Syniverse Study: Sponsored Mobile Data Plans Could Unlock $6 Billion Market Opportunity
Access to sponsored-data plans could substantially — and positively — affect consumers’ content consumption and open a substantial revenue opportunity for sponsors and mobile operators in Asia.
That news comes by way of a recent Syniverse-commissioned primary research study on Asia. The research indicates that consumer brands and mobile service providers there could tap into an annual revenue opportunity of as much as $6 billion by 2019 if they subsidized mobile data services.
This would address a perennial problem in many Asian markets: people there cannot afford what are expensive data plans on their mobile phones.
“In the sponsored-data model, companies sponsor usage for specific content on behalf of subscribers of various mobile service providers, allowing subscribers to access this content without being charged for the usage,” notes a report summary shared with MMW.
The Syniverse survey queried 3,500 people in seven countries across Asia to determine attitudes of consumers there. A major finding? Consumers are “generally willing to accept the branding of content, advertising and promotional material in return for free data.”

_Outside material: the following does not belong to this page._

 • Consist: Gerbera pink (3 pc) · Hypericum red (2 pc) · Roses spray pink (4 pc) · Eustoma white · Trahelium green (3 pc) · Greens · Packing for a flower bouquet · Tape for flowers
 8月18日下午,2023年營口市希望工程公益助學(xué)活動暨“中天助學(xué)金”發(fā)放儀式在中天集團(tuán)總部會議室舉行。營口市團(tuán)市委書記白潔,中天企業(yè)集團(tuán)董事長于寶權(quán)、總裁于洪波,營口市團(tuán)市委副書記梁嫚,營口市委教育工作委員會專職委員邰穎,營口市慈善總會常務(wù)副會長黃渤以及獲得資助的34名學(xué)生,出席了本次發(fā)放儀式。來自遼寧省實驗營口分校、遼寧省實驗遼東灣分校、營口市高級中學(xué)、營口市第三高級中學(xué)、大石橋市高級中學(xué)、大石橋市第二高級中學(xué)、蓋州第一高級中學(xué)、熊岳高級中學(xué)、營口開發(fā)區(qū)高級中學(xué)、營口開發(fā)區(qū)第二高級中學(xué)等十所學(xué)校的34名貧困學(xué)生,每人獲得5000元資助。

Specifically, 62 percent of surveyed respondents said they would accept the branding of content and advertising in return for free data. About 49 percent revealed they’d be willing to accept coupon offers from data use sponsors, 42 would agree to offers from entertainment companies, and 31 percent from bars, restaurants, and cafes.
“Content providers, mobile service providers, and consumers have been stuck in a no-win situation when it comes to mobile data usage,” said Mary Clark, Chief Marketing Officer at Syniverse. “Consumers want to use more data along with richer mobile engagement, and operators and content providers are missing out on the revenue that this usage could deliver.”
The bottom line appears clear: operators and their partners should be motivated to sponsor data plans as “a way to drive revenue as well as consumer engagement.”